■ **WHAT YOU NEED TO DO**
Exactly the lines from the first line of the records to the line holding "Modern Bridal: 3/8Ctw." should be duplicated, and nothing more; pictures stay out.

■ **ENTRIES SHOWN**

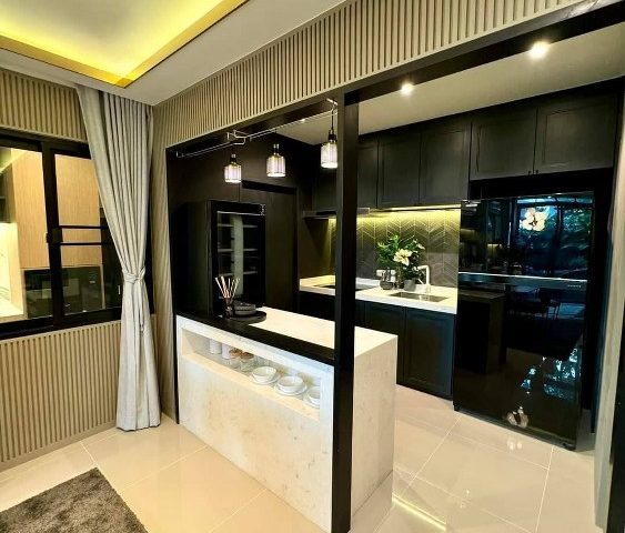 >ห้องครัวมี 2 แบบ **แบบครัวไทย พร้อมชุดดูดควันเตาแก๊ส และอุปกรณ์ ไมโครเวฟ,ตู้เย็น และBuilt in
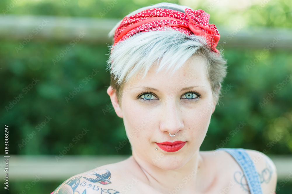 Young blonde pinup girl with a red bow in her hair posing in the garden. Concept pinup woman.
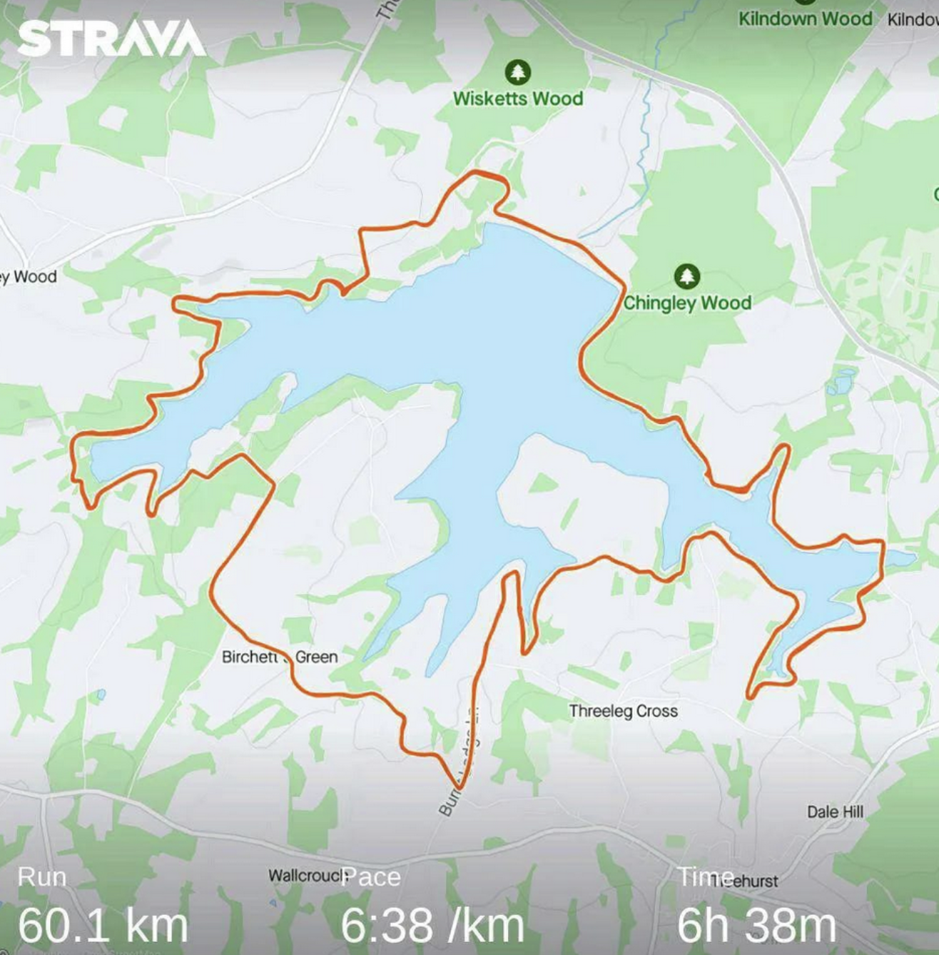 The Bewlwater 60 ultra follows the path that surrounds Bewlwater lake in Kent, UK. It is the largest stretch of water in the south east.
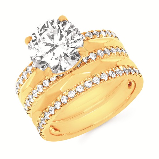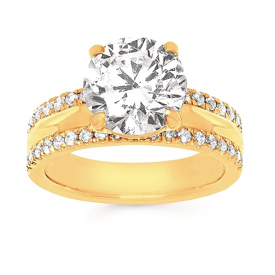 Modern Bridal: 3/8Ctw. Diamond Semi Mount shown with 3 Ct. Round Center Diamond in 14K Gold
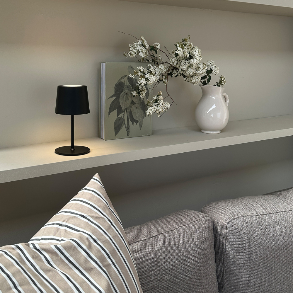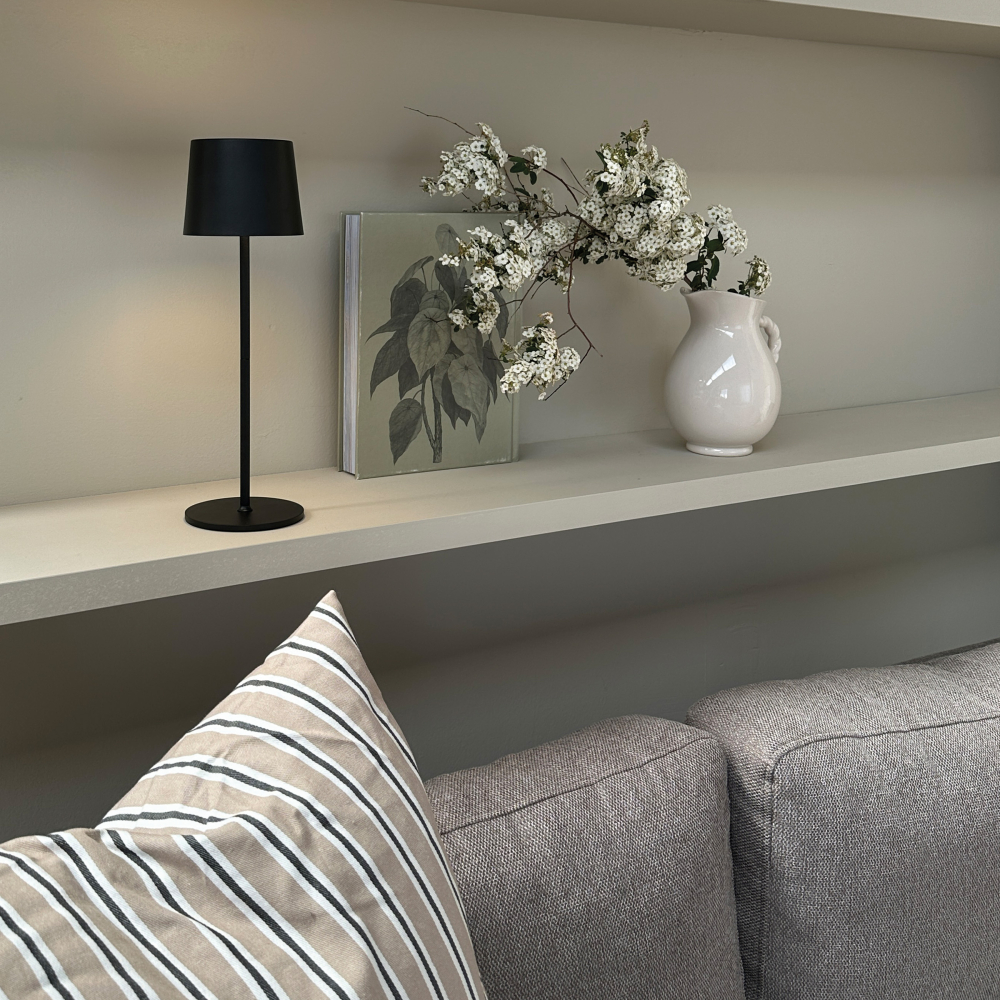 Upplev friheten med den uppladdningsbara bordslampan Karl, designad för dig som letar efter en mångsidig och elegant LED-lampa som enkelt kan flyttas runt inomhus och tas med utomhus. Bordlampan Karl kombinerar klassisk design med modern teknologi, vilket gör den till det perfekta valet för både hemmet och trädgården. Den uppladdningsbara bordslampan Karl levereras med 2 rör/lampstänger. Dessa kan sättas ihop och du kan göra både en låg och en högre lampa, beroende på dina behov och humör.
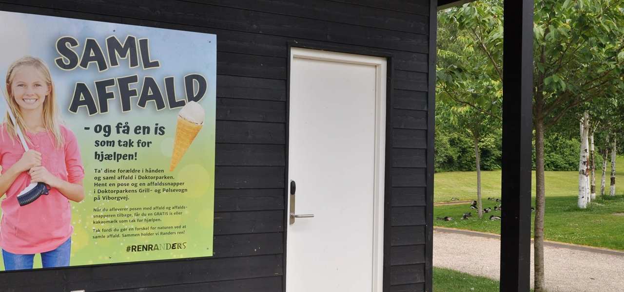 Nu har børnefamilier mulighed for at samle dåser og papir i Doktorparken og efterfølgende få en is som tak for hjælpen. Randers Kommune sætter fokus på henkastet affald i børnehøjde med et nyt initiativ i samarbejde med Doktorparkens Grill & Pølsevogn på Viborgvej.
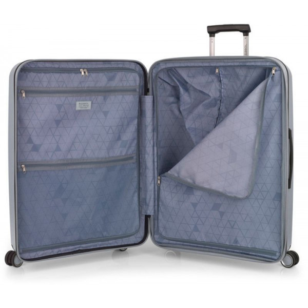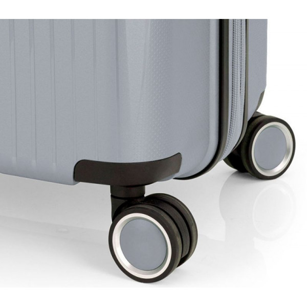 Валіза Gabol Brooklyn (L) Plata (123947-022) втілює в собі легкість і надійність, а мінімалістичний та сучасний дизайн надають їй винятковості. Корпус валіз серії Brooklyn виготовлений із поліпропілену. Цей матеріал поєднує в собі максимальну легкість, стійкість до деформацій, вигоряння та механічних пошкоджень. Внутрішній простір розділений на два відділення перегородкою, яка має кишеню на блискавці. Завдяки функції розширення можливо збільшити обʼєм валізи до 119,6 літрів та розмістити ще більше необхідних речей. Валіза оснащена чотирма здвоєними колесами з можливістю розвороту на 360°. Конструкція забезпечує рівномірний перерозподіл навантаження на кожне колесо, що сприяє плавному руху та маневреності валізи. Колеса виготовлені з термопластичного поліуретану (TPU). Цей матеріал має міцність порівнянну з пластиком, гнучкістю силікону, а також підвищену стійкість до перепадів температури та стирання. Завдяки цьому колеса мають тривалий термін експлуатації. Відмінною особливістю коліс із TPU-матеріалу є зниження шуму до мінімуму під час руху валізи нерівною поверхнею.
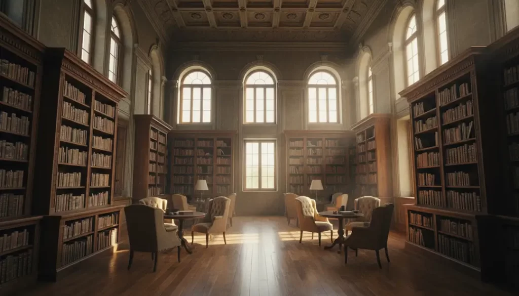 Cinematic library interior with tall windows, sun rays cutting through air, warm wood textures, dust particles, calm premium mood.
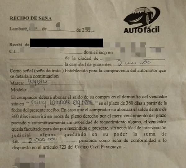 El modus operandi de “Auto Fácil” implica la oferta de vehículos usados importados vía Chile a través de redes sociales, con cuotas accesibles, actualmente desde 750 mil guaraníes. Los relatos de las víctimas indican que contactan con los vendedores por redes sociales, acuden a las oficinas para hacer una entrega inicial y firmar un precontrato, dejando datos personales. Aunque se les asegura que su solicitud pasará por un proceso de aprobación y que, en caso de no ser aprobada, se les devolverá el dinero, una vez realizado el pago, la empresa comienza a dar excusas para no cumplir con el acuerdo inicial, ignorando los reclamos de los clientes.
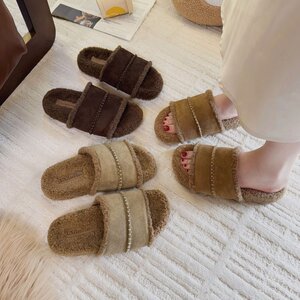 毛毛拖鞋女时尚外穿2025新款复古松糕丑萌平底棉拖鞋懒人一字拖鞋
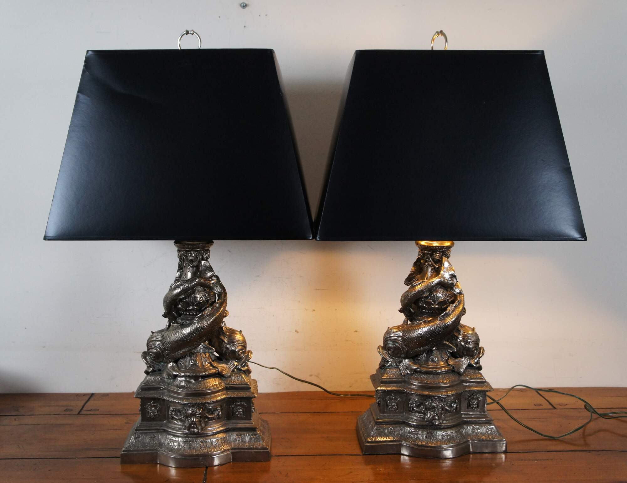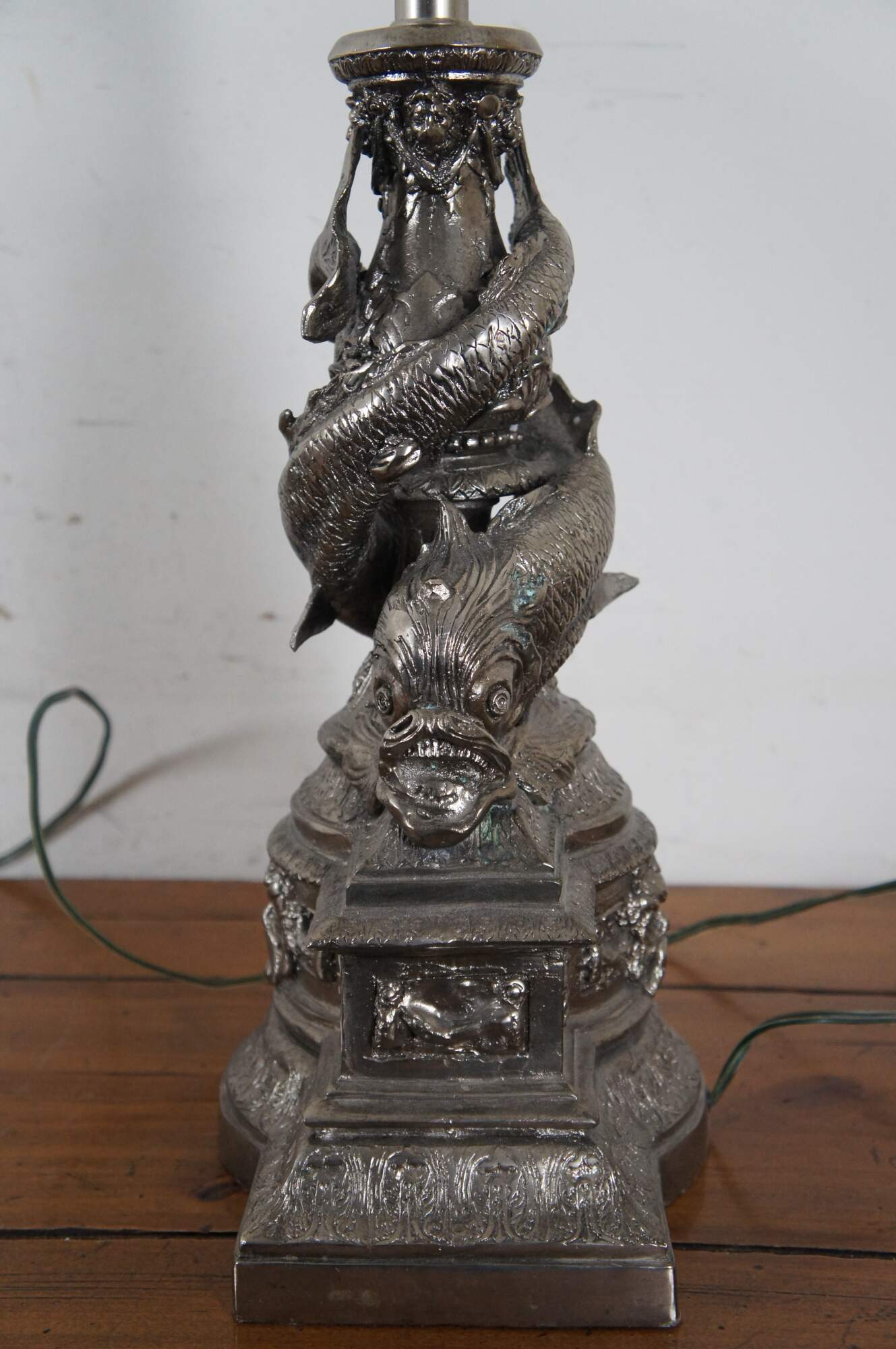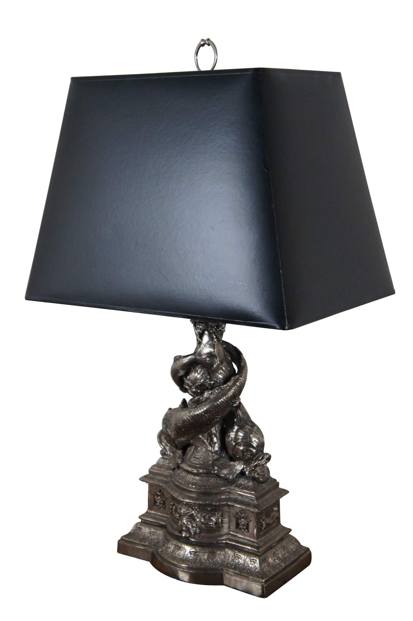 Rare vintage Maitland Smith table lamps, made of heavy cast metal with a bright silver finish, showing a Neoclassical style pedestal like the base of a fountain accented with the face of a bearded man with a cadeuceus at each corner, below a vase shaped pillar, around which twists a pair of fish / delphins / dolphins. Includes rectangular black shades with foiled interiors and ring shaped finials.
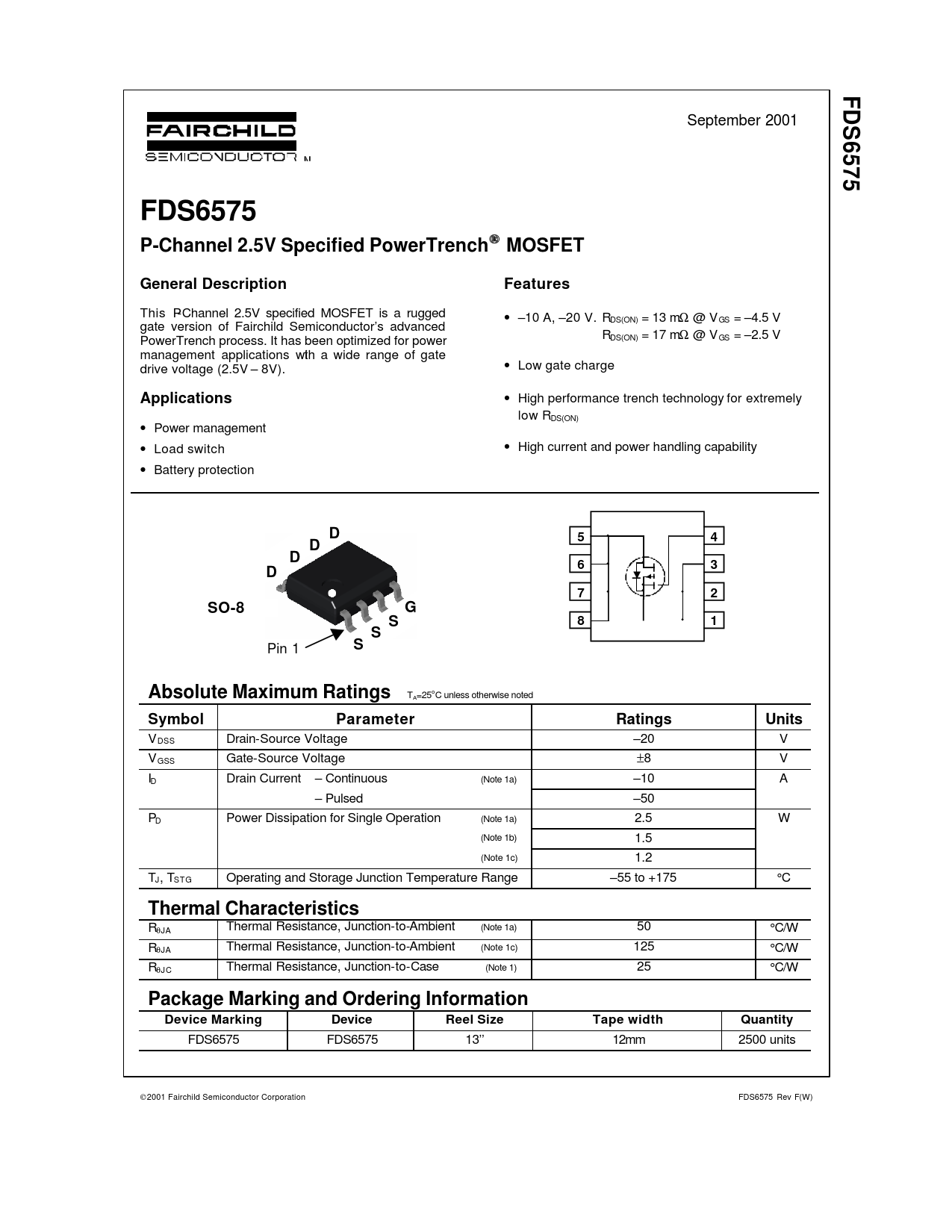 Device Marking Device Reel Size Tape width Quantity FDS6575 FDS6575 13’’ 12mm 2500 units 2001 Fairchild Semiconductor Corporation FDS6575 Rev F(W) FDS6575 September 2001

■ **ANSWER TO THIS PROBLEM**
 >ห้องครัวมี 2 แบบ **แบบครัวไทย พร้อมชุดดูดควันเตาแก๊ส และอุปกรณ์ ไมโครเวฟ,ตู้เย็น และBuilt in
 Young blonde pinup girl with a red bow in her hair posing in the garden. Concept pinup woman.
 The Bewlwater 60 ultra follows the path that surrounds Bewlwater lake in Kent, UK. It is the largest stretch of water in the south east.
 Modern Bridal: 3/8Ctw. Diamond Semi Mount shown with 3 Ct. Round Center Diamond in 14K Gold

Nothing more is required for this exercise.